**DATA EXCERPTS**
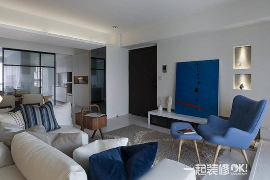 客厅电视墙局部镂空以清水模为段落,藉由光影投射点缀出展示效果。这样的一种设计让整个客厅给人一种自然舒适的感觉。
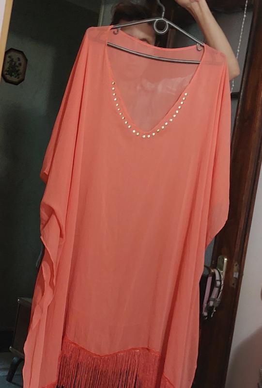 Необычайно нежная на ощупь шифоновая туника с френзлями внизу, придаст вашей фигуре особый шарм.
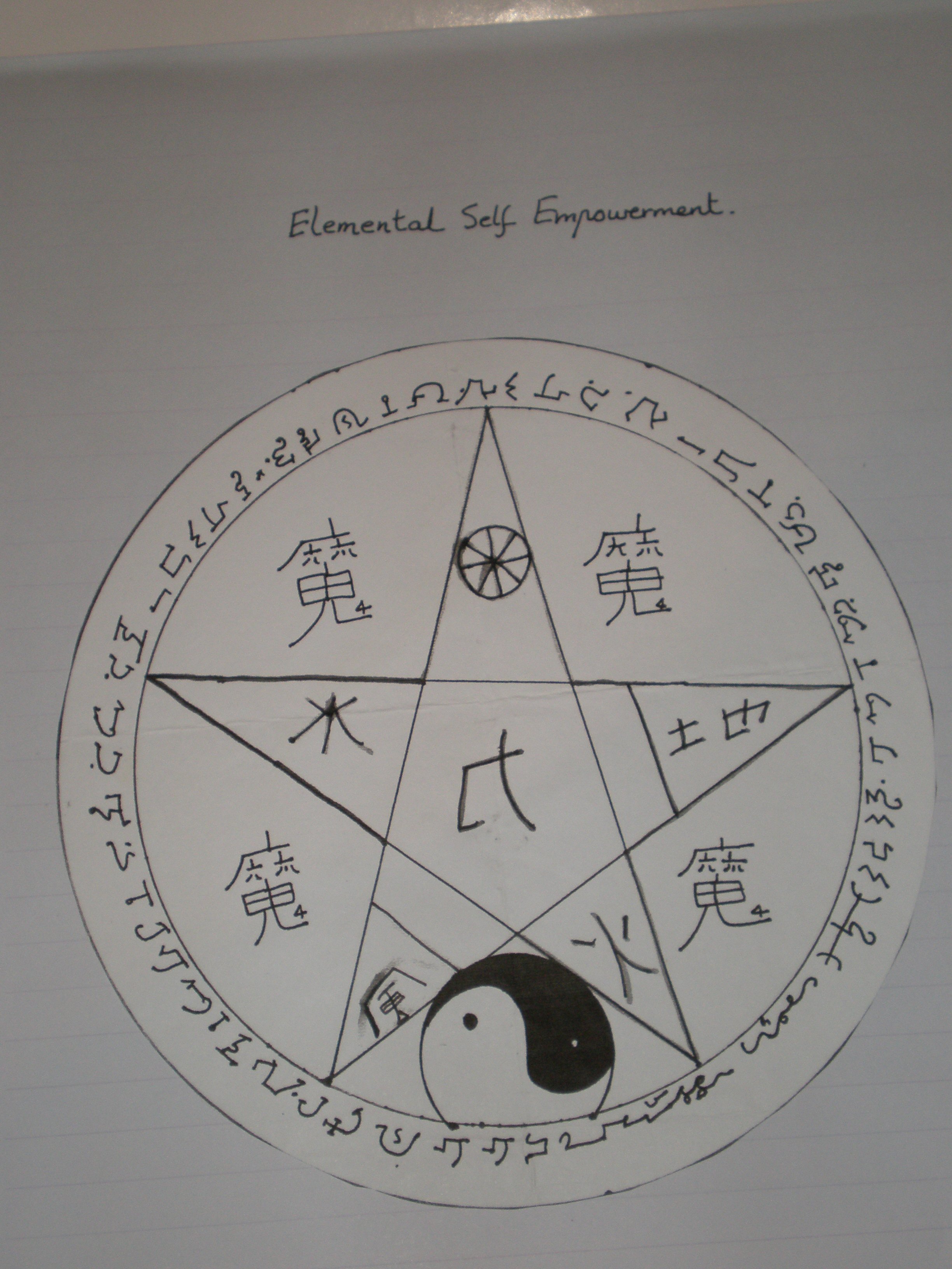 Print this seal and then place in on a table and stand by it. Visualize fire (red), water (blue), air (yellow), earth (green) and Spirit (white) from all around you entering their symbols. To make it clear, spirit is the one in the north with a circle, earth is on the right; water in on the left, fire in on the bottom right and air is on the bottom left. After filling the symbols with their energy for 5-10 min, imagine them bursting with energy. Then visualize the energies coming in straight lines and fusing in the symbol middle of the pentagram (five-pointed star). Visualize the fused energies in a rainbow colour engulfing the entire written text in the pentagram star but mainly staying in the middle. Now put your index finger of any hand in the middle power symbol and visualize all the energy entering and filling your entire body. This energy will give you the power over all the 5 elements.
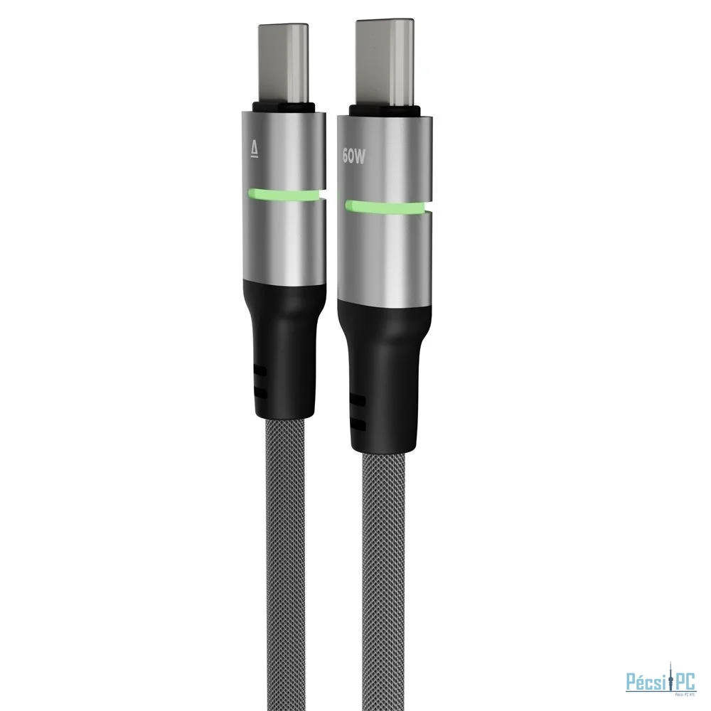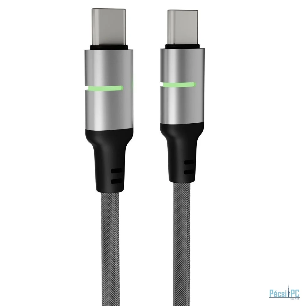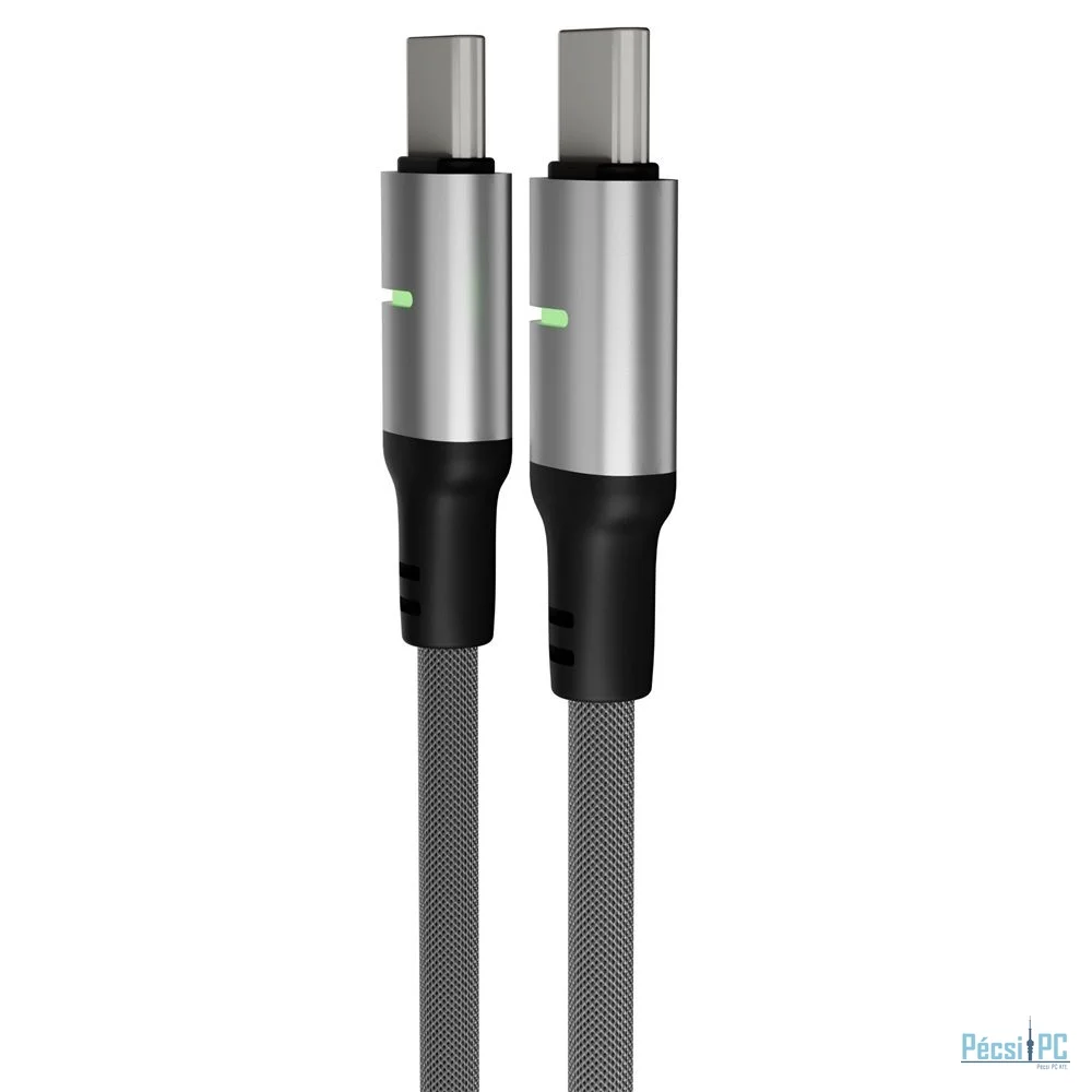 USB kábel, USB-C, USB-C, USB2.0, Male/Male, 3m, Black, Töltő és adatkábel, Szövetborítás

* * *

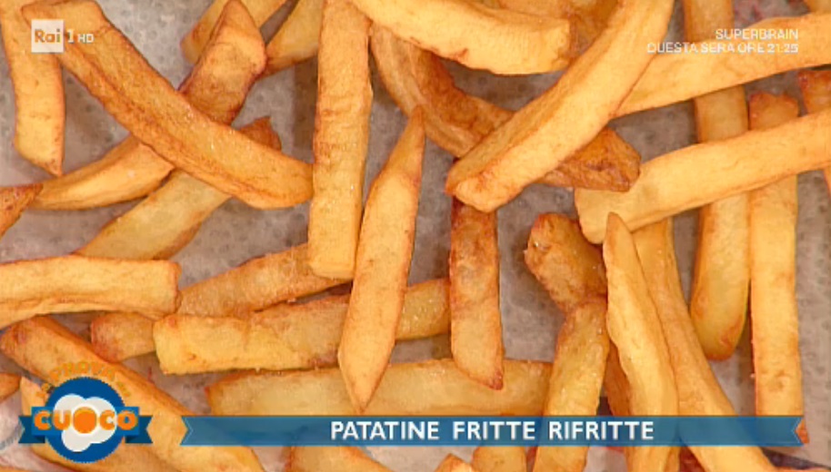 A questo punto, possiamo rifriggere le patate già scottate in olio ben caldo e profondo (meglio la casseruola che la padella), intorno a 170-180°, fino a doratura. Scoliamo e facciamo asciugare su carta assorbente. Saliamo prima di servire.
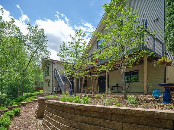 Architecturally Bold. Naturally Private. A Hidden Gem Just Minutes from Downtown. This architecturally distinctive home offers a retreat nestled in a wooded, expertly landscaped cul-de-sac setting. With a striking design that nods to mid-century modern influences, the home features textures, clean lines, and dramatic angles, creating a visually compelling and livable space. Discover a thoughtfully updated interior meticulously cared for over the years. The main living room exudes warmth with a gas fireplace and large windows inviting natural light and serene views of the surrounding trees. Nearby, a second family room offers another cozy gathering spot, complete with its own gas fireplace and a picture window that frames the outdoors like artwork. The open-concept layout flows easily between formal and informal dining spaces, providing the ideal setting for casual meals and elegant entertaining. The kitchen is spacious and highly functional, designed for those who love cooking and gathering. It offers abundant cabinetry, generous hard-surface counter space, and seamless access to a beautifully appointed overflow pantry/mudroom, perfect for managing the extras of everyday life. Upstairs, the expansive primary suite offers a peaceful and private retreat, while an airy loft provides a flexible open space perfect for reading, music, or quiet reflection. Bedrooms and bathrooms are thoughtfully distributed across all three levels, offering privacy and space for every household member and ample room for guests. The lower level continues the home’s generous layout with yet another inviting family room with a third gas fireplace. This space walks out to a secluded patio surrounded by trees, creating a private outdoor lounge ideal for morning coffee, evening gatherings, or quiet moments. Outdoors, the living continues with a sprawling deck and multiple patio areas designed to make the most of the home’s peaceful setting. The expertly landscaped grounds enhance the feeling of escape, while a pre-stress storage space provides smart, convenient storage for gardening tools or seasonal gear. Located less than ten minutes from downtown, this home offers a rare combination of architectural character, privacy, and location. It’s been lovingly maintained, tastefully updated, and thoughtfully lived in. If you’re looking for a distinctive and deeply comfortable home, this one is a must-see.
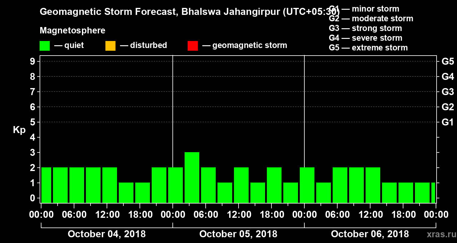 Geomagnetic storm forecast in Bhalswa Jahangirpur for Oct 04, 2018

**WHAT IS EXPECTED**
Here the job is to copy the listing above word for word, starting at the line with "客厅电视墙局部镂空以清水模为" and ending at the line with "Необычайно нежная на", and to leave out the pictures.

**ANSWER BOX**
 客厅电视墙局部镂空以清水模为段落,藉由光影投射点缀出展示效果。这样的一种设计让整个客厅给人一种自然舒适的感觉。
 Необычайно нежная на ощупь шифоновая туника с френзлями внизу, придаст вашей фигуре особый шарм.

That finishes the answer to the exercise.